◆ **What the task requires**: In the records below, the line with "阿布扎比世界貿易中心是阿拉哈" and every line after it must be written out exactly; no pictures belong in the result.

┌─ Data shown

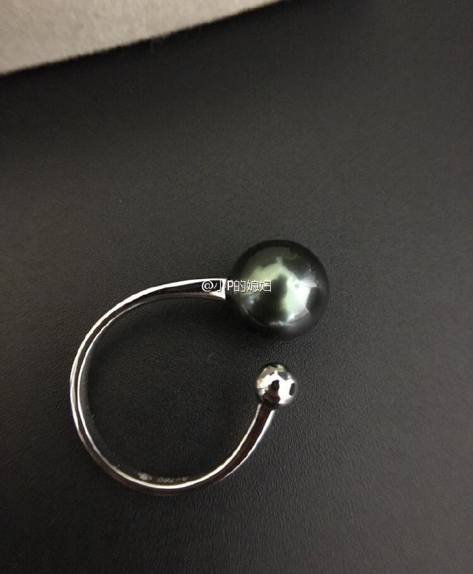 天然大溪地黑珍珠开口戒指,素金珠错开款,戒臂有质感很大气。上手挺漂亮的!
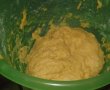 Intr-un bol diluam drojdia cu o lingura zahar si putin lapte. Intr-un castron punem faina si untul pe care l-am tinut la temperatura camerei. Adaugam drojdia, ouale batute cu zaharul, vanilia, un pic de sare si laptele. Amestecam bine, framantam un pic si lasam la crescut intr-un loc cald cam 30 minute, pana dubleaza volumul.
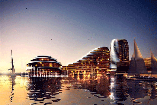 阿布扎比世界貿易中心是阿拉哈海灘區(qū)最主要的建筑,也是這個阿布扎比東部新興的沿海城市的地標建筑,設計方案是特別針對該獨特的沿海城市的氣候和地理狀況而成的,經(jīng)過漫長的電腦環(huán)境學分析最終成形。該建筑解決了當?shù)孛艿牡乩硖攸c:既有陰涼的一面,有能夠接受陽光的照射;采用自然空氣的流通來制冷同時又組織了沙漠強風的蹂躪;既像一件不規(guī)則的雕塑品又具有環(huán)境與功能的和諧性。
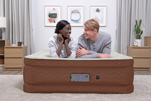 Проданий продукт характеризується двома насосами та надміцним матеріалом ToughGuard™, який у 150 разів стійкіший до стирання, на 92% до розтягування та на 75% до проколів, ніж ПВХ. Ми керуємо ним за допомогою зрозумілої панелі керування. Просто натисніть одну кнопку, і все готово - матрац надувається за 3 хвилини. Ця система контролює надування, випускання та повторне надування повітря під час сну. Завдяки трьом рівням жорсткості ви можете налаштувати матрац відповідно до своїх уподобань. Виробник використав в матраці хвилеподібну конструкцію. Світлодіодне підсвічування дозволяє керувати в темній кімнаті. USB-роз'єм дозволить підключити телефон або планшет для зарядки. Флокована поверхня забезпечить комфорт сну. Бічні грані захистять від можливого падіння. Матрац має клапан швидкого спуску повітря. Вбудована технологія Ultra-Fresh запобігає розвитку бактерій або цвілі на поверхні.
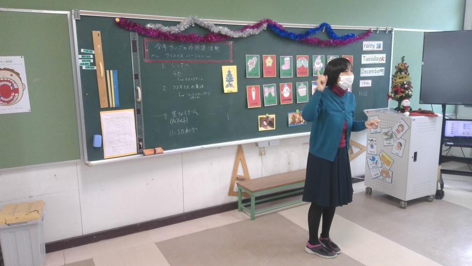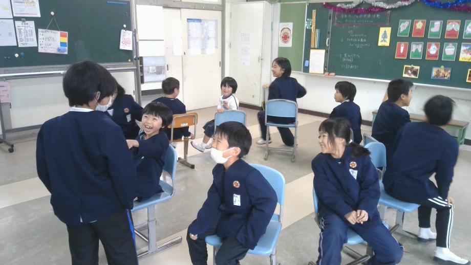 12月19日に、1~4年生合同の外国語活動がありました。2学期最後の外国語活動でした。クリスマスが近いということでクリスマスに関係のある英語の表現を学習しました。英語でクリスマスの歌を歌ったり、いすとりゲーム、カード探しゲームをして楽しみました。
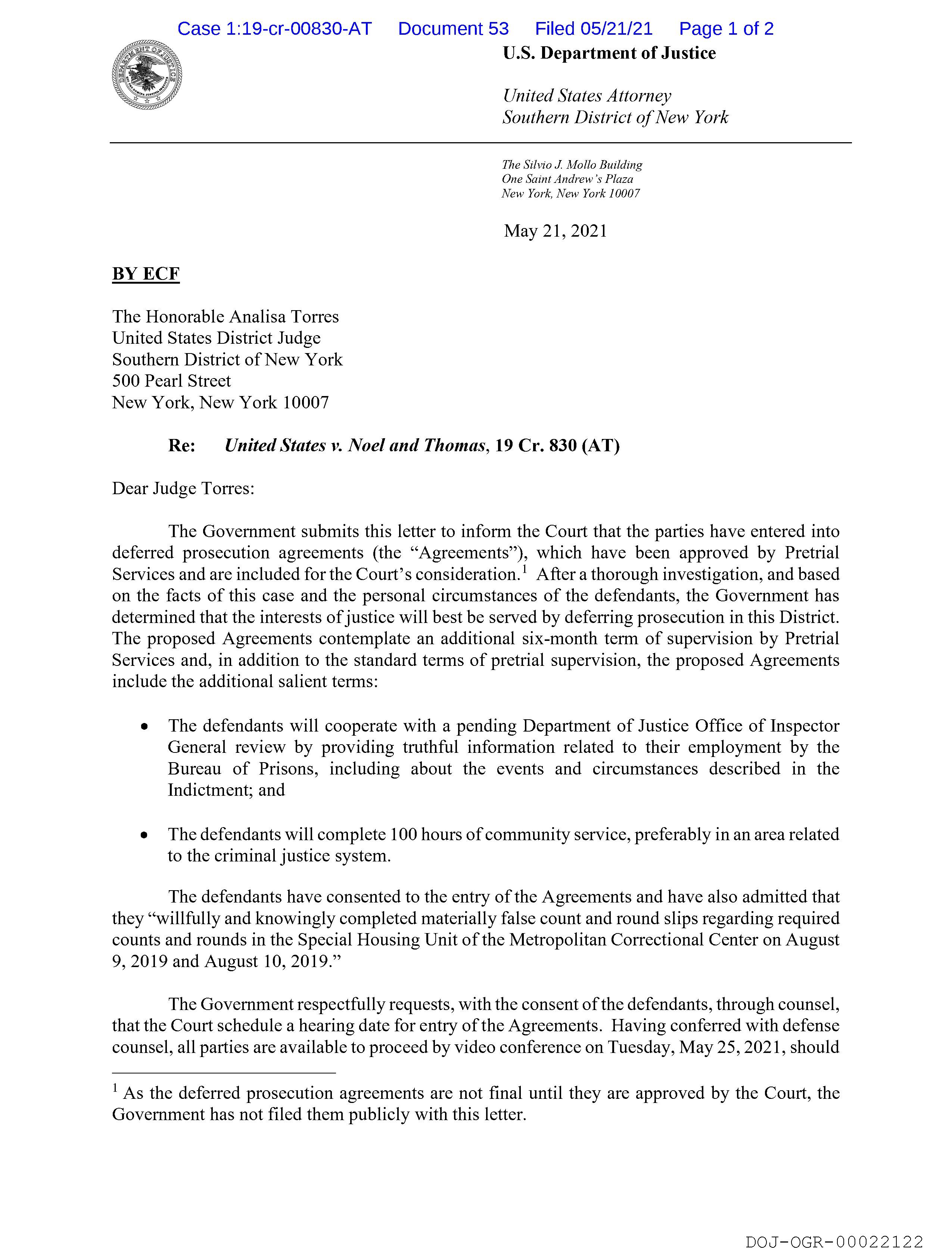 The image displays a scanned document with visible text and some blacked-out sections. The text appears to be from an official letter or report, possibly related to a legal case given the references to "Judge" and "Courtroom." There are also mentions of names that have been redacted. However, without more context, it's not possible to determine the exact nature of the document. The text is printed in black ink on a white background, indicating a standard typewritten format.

└─

◆ **Solution to this problem**:
 阿布扎比世界貿易中心是阿拉哈海灘區(qū)最主要的建筑,也是這個阿布扎比東部新興的沿海城市的地標建筑,設計方案是特別針對該獨特的沿海城市的氣候和地理狀況而成的,經(jīng)過漫長的電腦環(huán)境學分析最終成形。該建筑解決了當?shù)孛艿牡乩硖攸c:既有陰涼的一面,有能夠接受陽光的照射;采用自然空氣的流通來制冷同時又組織了沙漠強風的蹂躪;既像一件不規(guī)則的雕塑品又具有環(huán)境與功能的和諧性。
 Проданий продукт характеризується двома насосами та надміцним матеріалом ToughGuard™, який у 150 разів стійкіший до стирання, на 92% до розтягування та на 75% до проколів, ніж ПВХ. Ми керуємо ним за допомогою зрозумілої панелі керування. Просто натисніть одну кнопку, і все готово - матрац надувається за 3 хвилини. Ця система контролює надування, випускання та повторне надування повітря під час сну. Завдяки трьом рівням жорсткості ви можете налаштувати матрац відповідно до своїх уподобань. Виробник використав в матраці хвилеподібну конструкцію. Світлодіодне підсвічування дозволяє керувати в темній кімнаті. USB-роз'єм дозволить підключити телефон або планшет для зарядки. Флокована поверхня забезпечить комфорт сну. Бічні грані захистять від можливого падіння. Матрац має клапан швидкого спуску повітря. Вбудована технологія Ultra-Fresh запобігає розвитку бактерій або цвілі на поверхні.
 12月19日に、1~4年生合同の外国語活動がありました。2学期最後の外国語活動でした。クリスマスが近いということでクリスマスに関係のある英語の表現を学習しました。英語でクリスマスの歌を歌ったり、いすとりゲーム、カード探しゲームをして楽しみました。
 The image displays a scanned document with visible text and some blacked-out sections. The text appears to be from an official letter or report, possibly related to a legal case given the references to "Judge" and "Courtroom." There are also mentions of names that have been redacted. However, without more context, it's not possible to determine the exact nature of the document. The text is printed in black ink on a white background, indicating a standard typewritten format.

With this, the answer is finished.